Open Access
Heavy silicone oil versus standard silicone oil as vitreous tamponade in inferior PVR (HSO Study): design issues and implications
Author(s) -
Joussen Antonia M.,
Kirchhof Bernd,
Schrage Norbert,
Ocklenburg Christina,
Hilgers RalfDieter
Publication year - 2007
Publication title -
acta ophthalmologica scandinavica
Language(s) - English
Resource type - Journals
eISSN - 1600-0420
pISSN - 1395-3907
DOI - 10.1111/j.1600-0420.2007.00898.x
Subject(s) - medicine , tamponade , proliferative vitreoretinopathy , silicone oil , retinal detachment , visual acuity , ophthalmology , retinal , silicone , randomized controlled trial , retina , surgery , chemistry , physics , organic chemistry , optics , chemical engineering , engineering
Abstract. Purpose: Proliferative vitreoretinopathy (PVR) is the most important reason for blindness following retinal detachment. Presently, vitreous tamponades such as gas or silicone oil cannot contact the lower part of the retina. A heavier‐than‐water tamponade displaces the inflammatory and PVR‐stimulating environment from the inferior area of the retina.

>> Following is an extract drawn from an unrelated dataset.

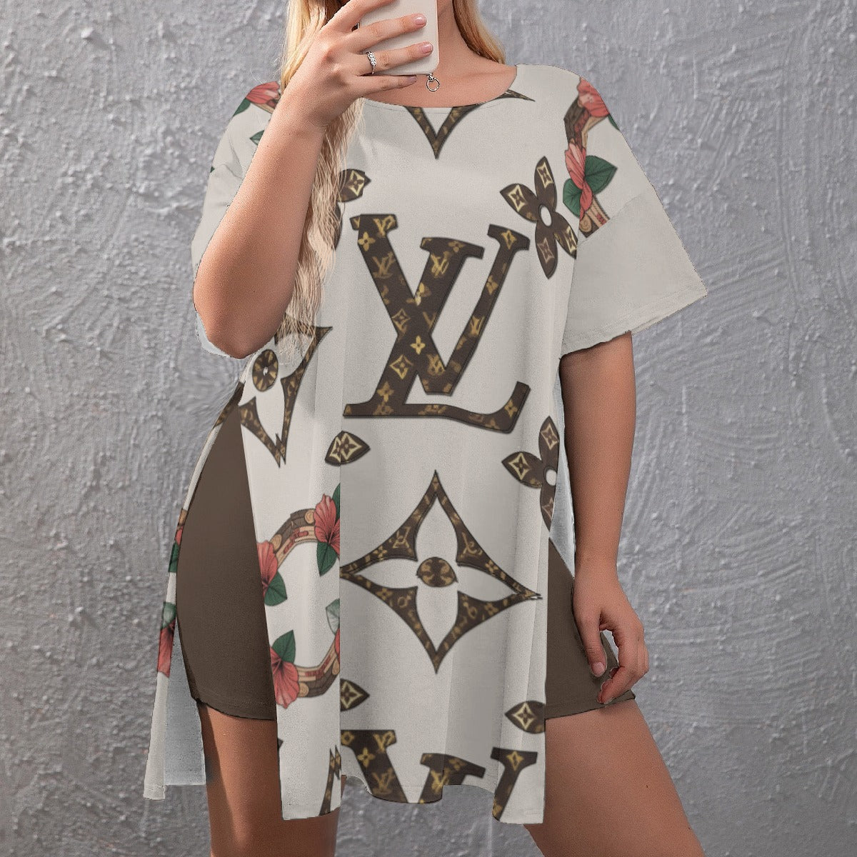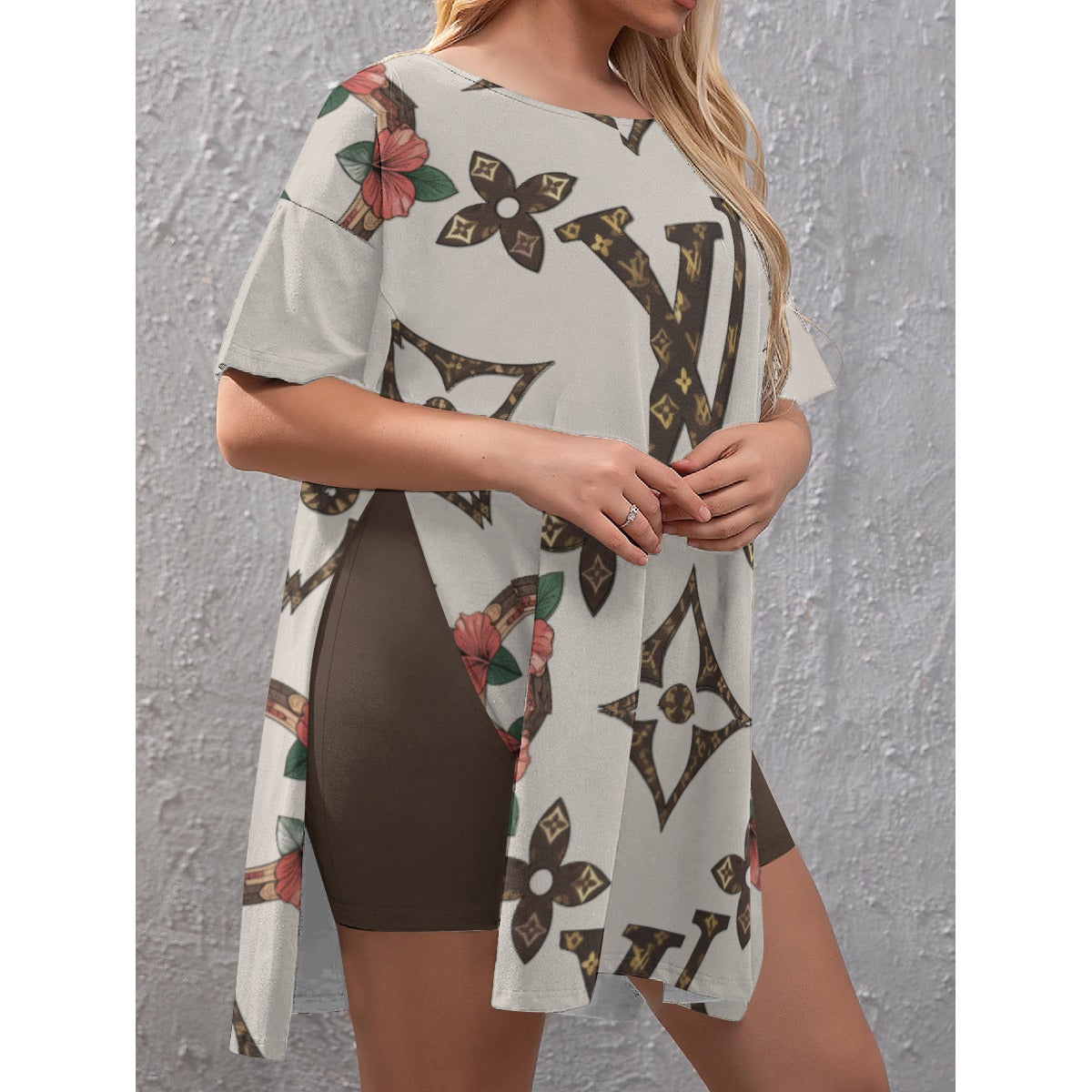 Fashion suit includes oversize T-shirt and shorts; Can be suitable for any body shapes; Nice fabric can provide with all-day ease and comfort
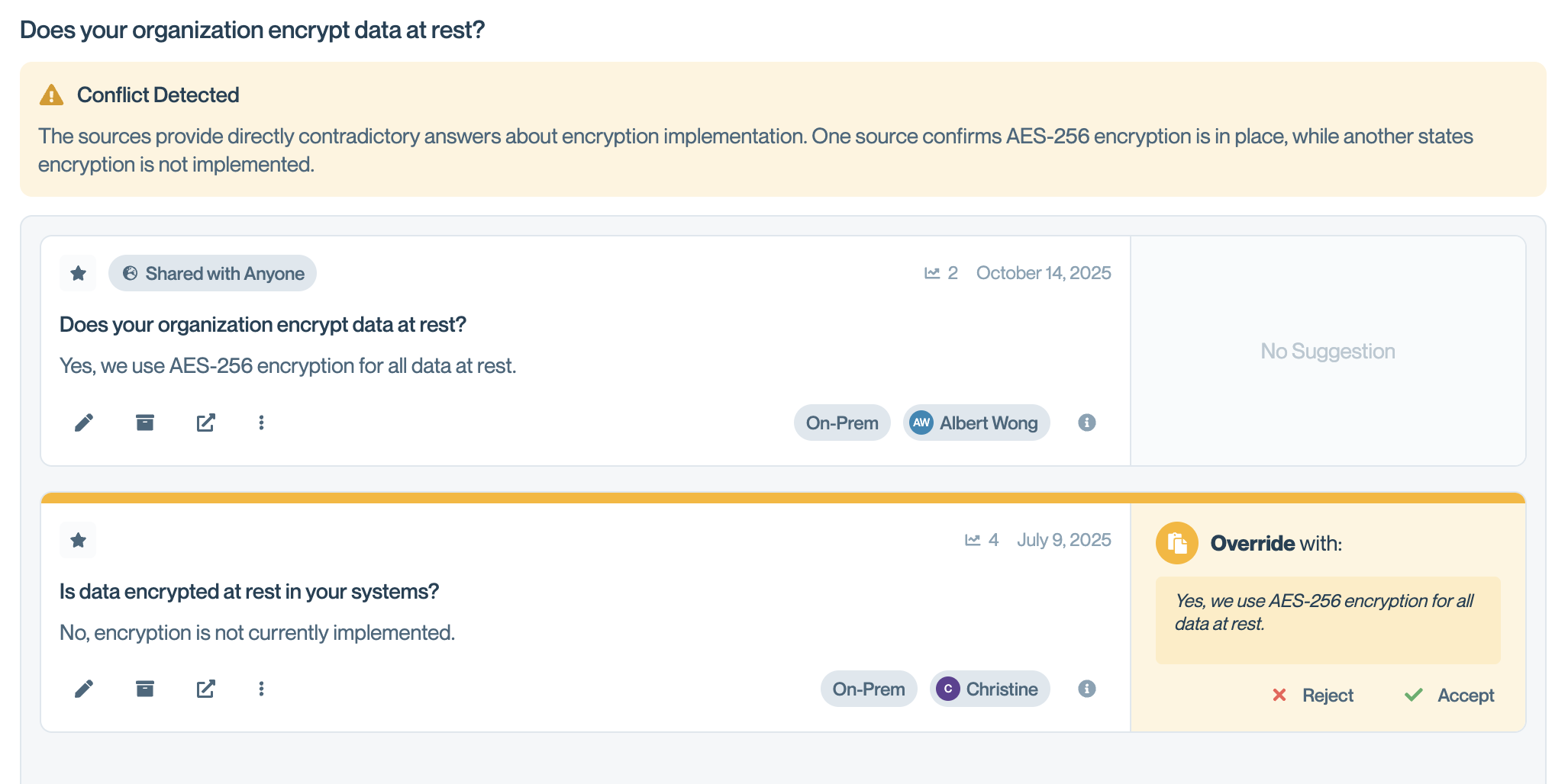 In the following example, the AI Librarian recommends overriding the older Curated QA with the correct answer. You can accept the overriding suggestion to update the conflicting Curated QA or reject it You can also see the reason for why the AI identified a conflict in the sources

The Heavy Silicone Oil versus Standard Silicone Oil Study (HSO Study) is designed to answer the question of whether a heavier‐than‐water tamponade improves the prognosis of eyes with PVR of the lower retina. Methods: The HSO Study is a multicentre, randomized, prospective controlled clinical trial comparing two endotamponades within a two‐arm parallel group design. Patients with inferiorly and posteriorly located PVR are randomized to either heavy silicone oil or standard silicone oil as a tamponading agent. Three hundred and fifty consecutive patients are recruited per group. After intraoperative re‐attachment, patients are randomized to either standard silicone oil (1000 cSt or 5000 cSt) or Densiron ® as a tamponading agent. The main endpoint criteria are complete retinal attachment at 12 months and change of visual acuity (VA) 12 months postoperatively compared with the preoperative VA. Secondary endpoints include complete retinal attachment before endotamponade removal, quality of life analysis and the number of retina affecting re‐operation within 1 year of follow‐up. Results: The design and early recruitment phase of the study are described. Conclusions: The results of this study will uncover whether or not heavy silicone oil improves the prognosis of eyes with PVR.